2012 Annual Report
1a.Objectives (from AD-416):
Apply molecular genetic markers to genotype European corn borer from populations in North America and Europe, and detect the levels of genetic differences. These data will be used to estimate the level of genetic divergence within and between European corn borer populations based on geography and ecological/demographic factors.

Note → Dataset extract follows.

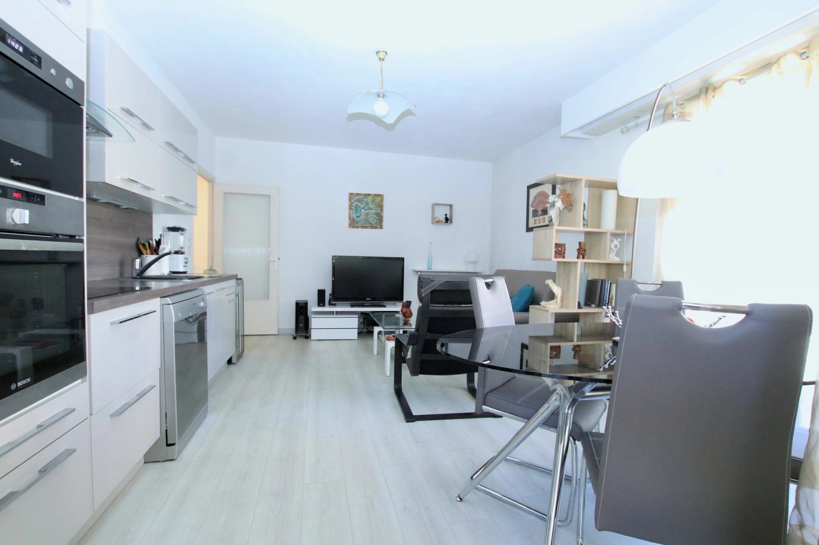 pièces d'angle de 63.55 m² bénéficiant d'une terrasse de 14 m², entrée avec rangements, wc séparé, salle de bains, deux chambres et séjour avec cuisine américaine. Cave. Possibilité garage en sus.

1b.Approach (from AD-416):
Molecular genetic markers that detect variation at Single Nucleotide Polymorphisms (SNPs) within the European Corn Borer (ECB) genome have been developed by USDA-ARS researchers in Ames, Iowa. Assays that detect SNP marker variation are adapted for use on a Sequenom MassARRAY system located at the Center for Plant Genomics at Iowa State University (ISU-CPG). Since assay materials are already available for use in the USDA laboratory, this project will incur nominal additional cost to ARS. DNA samples have already been prepared for ECB collected at the North American sites of North Platte, NE, Crawfordsville, IA, Monmoth, IL, Frankfort, IN, Bowersville, OH, and Oak Corners, NY. Collaborators in Europe have already provided DNA extracts from Rzeszów, Poland, Csongrad, Hungary, and Krasnodar, Russia. Additionally, collaborators in France will be providing DNA samples from 17 collection sites (estimated ship date to USDA in Ames, IA is July 2011). A total of 178 SNP markers will be used to genotype all ECB samples using the Sequenom MassARRAY at the ISU-CPG, and resulting data will be received by the USDA for statistical analyses. Initial criteria for screening markers will include the determination of Hardy-Weinberg Equilibrium (HWE), with deviations calculated by chi-square tests between observed and expected heterozygosities. SNP markers that are in HWE will be used to estimate hierarchical population genetic parameters (Fst, Fis, and Fit), and exact tests for population differentiation using GENEPOP4.06 analysis software. Geographic structuring will be assessed using the Isolation By Distance (IBD) model that tests for correlation between Log of geographic distance between collection sites (in kilometers) and the parameter (Fst/(1-Fst)), and by principal component analysis to estimate other factors that influence genotypic variance among populations. Furthermore, the program STRUCTURE2.1 will be used to indicate the level of co-ancestry between genotypes from collection sites, and estimate the number of distinct breeding populations, level of population subdivision, and rate of migration (genetic exchange) within the ECB populations.
European Corn Borer (ECB) moths were collected at 10 sites in North America, and DNA was successfully extracted and quantified. Additionally, ECB from 35 sites in Europe were obtained from cooperators in France. A total of 1197 DNA samples were genotyped using 118 Single Nucleotide Polymorphism (SNP) on the Sequenom MassARRAY and for two markers located on the mitochondrial genome by USDA-ARS researchers in Ames, Iowa. The SNP data included a marker for the fatty-acyl reductase gene that USDA-ARS researchers in Ames, Iowa developed for the differentiation of pheromone races of ECB. Genotypic data from eight microsatellite loci were contributed by cooperators in France for all 1197 samples. A dataset that combined all genetic markers was completed collaboratively with researchers from Seoul National University, and appropriate analyses of population genetic structure in ongoing.